> [Records for processing]:

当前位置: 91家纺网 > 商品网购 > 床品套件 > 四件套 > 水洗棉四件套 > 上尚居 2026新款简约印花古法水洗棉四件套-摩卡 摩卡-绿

...

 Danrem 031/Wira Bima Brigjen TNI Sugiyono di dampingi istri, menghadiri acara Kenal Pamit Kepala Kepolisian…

---

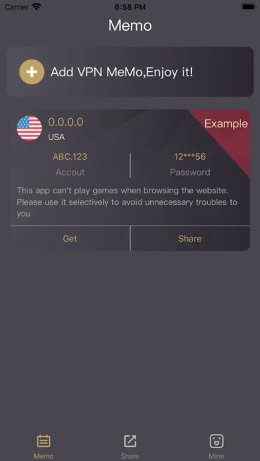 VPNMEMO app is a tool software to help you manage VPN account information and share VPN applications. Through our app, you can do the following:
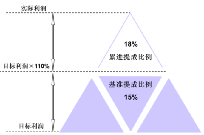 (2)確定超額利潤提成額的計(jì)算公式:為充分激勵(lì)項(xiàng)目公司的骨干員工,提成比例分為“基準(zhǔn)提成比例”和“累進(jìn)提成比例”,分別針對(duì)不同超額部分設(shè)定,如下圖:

> [Activity]:
Everything from the line above that contains "VPNMEMO app is" down to the line that contains "(2)確定超額利潤提成額的計" must be reproduced exactly, both ends included. Omit the pictures.

> [Solution to this task]:
 VPNMEMO app is a tool software to help you manage VPN account information and share VPN applications. Through our app, you can do the following:
 (2)確定超額利潤提成額的計(jì)算公式:為充分激勵(lì)項(xiàng)目公司的骨干員工,提成比例分為“基準(zhǔn)提成比例”和“累進(jìn)提成比例”,分別針對(duì)不同超額部分設(shè)定,如下圖:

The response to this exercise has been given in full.